Benjamin Peter Sherrington Shephard (born 11 December 1974) is an English television presenter and journalist who is currently employed by ITV. He was a main presenter on the now defunct breakfast programme GMTV and since April 2014 has co-hosted the ITV breakfast show Good Morning Britain alongside Susanna Reid, Kate Garraway and Charlotte Hawkins.

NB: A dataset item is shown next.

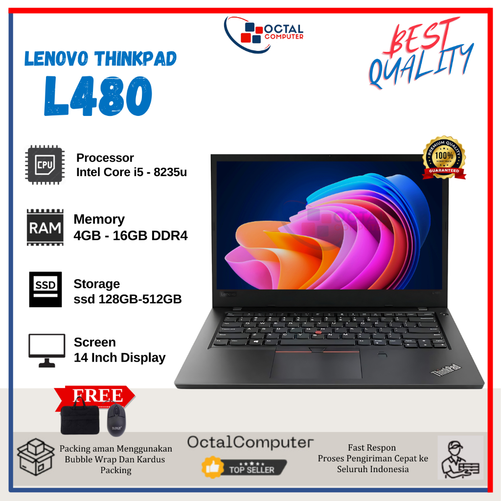 Promo Laptop Lenovo Thinkpad L-Series L380 L480 L490 Core i5/i7 SSD 512GB - Second Murah Bergaransi

He has also hosted game shows such as The Krypton Factor (2009–2010), Tipping Point (2012–present) and Ninja Warrior UK (2015–present). 

In 2012, along with Helen Skelton, he welcomed the athletes of the London 2012 Olympic and Paralympic Games to Trafalgar Square as part of their homecoming parade.

Early life and education
Shephard was educated at Chigwell School, an independent school in the civil parish of Chigwell in the Epping Forest area of Essex, followed by the University of Birmingham, where he achieved a BA honours degree in Dance, Drama and Theatre Arts. Initially wanting to become an actor, while at university he joined a local weather network through a casting process and then became a runner (the most junior member of a television crew), before being encouraged to become a television presenter by a producer.

Career

Channel 4

Shephard's career took off in 1998, when he began hosting Channel 4 spin-off show The Bigger Breakfast, alongside fellow presenters including Josie D'Arby, Melanie Sykes and Dermot O'Leary. That same year, Shephard became the first presenter of T4's teen strand on Channel 4, which launched on 25 October 1998. He also presented Control Freaks for the channel in 1998.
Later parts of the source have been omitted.